In the commissioner's view, a supply made on DAP terms of trade is a composite supply of delivered goods.  In reaching this conclusion, the commissioner had regard to whether the supply of the transport services was integral, ancillary or incidental to the supply of goods (being the dominant part of the supply). He considered that in this case it was.

There being no single factor and no sole test for determining the question, the commissioner looked at all the relevant circumstances including whether the transport contributed to the proper performance of the contract to supply the goods, whether the delivery service was significant (i.e., an aim in itself), and whether the recipient had a genuine choice under the contract as to whether the supplier delivers the goods. As to the last element, the commissioner considered that indicia of choice included whether the recipient was obliged to use the delivery services and whether the supplier provided reasonable access, at no extra charge, to recipients to make their own arrangements to collect the goods.

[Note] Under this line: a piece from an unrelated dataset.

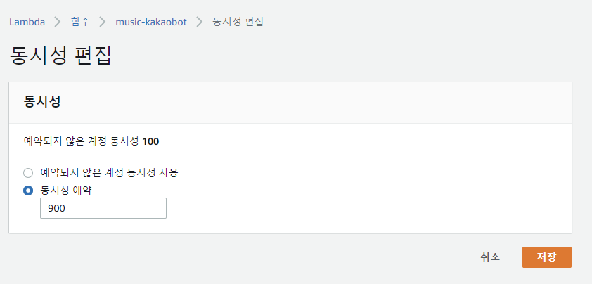 예약된 동시성으로 변경하고, 동시성 예약 값을 900으로 지정했다.

The GST Act also requires that the commissioner consider whether any other provision of the GST Act would require the commissioner to treat the delivery part of the supply of delivered goods as a mixed supply, notwithstanding its scale or connection with the supply.

The commissioner did not consider that in this case, any other provision of the GST Act required it to separate out the international supply of transport from the supply of the goods.  He believed that the GST outcomes which would follow (in treating the supply as a composite supply) were consistent with the policy intent of other provisions of the GST Act which allowed international transport suppliers (as opposed to suppliers of goods) to treat the supply of transport as GST-free when their transport costs were included in the value of taxable importations (upon which GST would be paid by the importer of the goods on the full value of the goods and the Australian leg of the international transport at customs).

The commissioner's views as set out in the ATOID reinforce the need for suppliers of goods into Australia to carefully consider the transport terms of trade under which those goods are shipped.